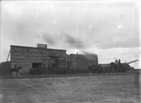 1864 View of several buildings, with wagons, men, horses, and other farm equipment lining the street.Sign above one building reads, "Gibson's Place; Snake River Implement Co. Ltd. Farm Furnishings Hardware and Harness, Wagons Buggies and Mowers Rakes and Binders."
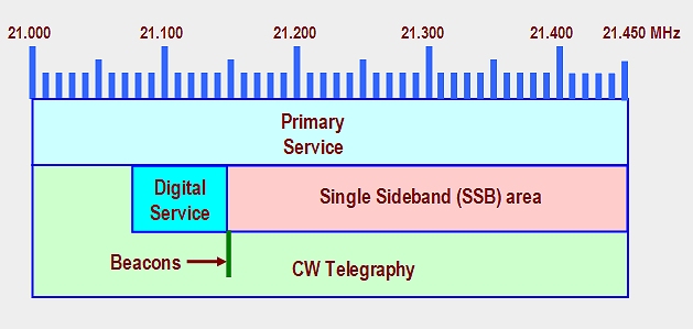 - 21.000 – 21.450 MHz is a Primary Amateur allocation
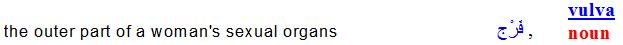 Här följer ytterligare ett engelskt-arabiskt uppslagsverk (*) som visar att ordet ”farj” betyder ”vagina” och (*; *). Se också följande (*; *) men se till att du klistrar in det arabiska ordet الفرج i vänster ruta sen klickar du på ”translate”, vilket kommer visa att ordet betyder ”vagina”.

Exercise: Please reproduce the listing exactly, leaving out any pictures.

Answer area:
 1864 View of several buildings, with wagons, men, horses, and other farm equipment lining the street.Sign above one building reads, "Gibson's Place; Snake River Implement Co. Ltd. Farm Furnishings Hardware and Harness, Wagons Buggies and Mowers Rakes and Binders."
 - 21.000 – 21.450 MHz is a Primary Amateur allocation
 Här följer ytterligare ett engelskt-arabiskt uppslagsverk (*) som visar att ordet ”farj” betyder ”vagina” och (*; *). Se också följande (*; *) men se till att du klistrar in det arabiska ordet الفرج i vänster ruta sen klickar du på ”translate”, vilket kommer visa att ordet betyder ”vagina”.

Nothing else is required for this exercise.